Upstream, the two flows are briefly united, but divide again at Middleton before becoming one below one of the mills at Longparish. There are three bridges between Longparish and the A303, each built of red brick, each full of charm, each paying courteous attention to the river, which is the Test. Now, I have made a promise not to write of fishing in this book. My mother and one or two others whose opinions I value objected that there was too much fishing in previous books of mine. But there must be rivers, because my road crosses them. And surely, with rivers I must be allowed fish; and with fish perhaps an angler or two.
A mile or so above Longparish the Test is joined by another stream, even more graceful. This is the Bourne, whose source is a spring far to the north, towards the Berkshire Downs. In 1902 a very tall Irishman of striking presence and with a fine baritone voice brought his wife and infant son to live in Hurstbourne Priors, a village of brick-and-flint houses and thatched cottages straggling along the lower valley of the Bourne. His name was Harry Plunket Greene and in his day he was one of the best-loved singers in the world. He was also a keen angler and he grew to love the Bourne almost as if it had been another member of his family.
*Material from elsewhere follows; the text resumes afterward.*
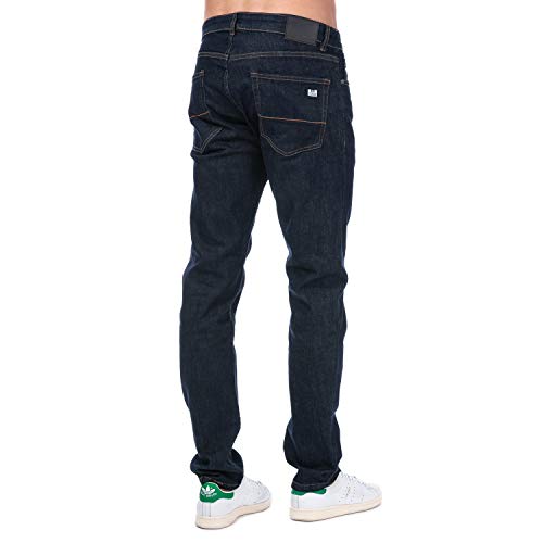 Mens Weekend Offender Tapered Fit Jeans in Denim- Button fastening- Tapered fit- Contrast stitching- Five pocket design- Stretch material allows for a comfier fit- Branding to reverse waist- Inside leg 30 Inch approximately- 99% Cotton, 1% Elastane. Machine Washable- Ref: WDE01TDRMeasurements are intended for guidance only

When his seasons on it were done, he wrote about the joy and occasional sadness it had given him, and called the book Where the Bright Waters Meet, a quotation from the Irish poet Tom Moore. In time, Plunket Greene’s fame in the musical world faded, but this book bestowed on him a sort of immortality.2 Since its first publication in 1924 it has almost never been out of print. It regularly appears on shortlists of angling classics for the simple reason that it bursts with an irrepressible and irresistible delight in people and nature and flowing water and the business of trying to persuade a trout to take a fly – in the end, a delight in life itself.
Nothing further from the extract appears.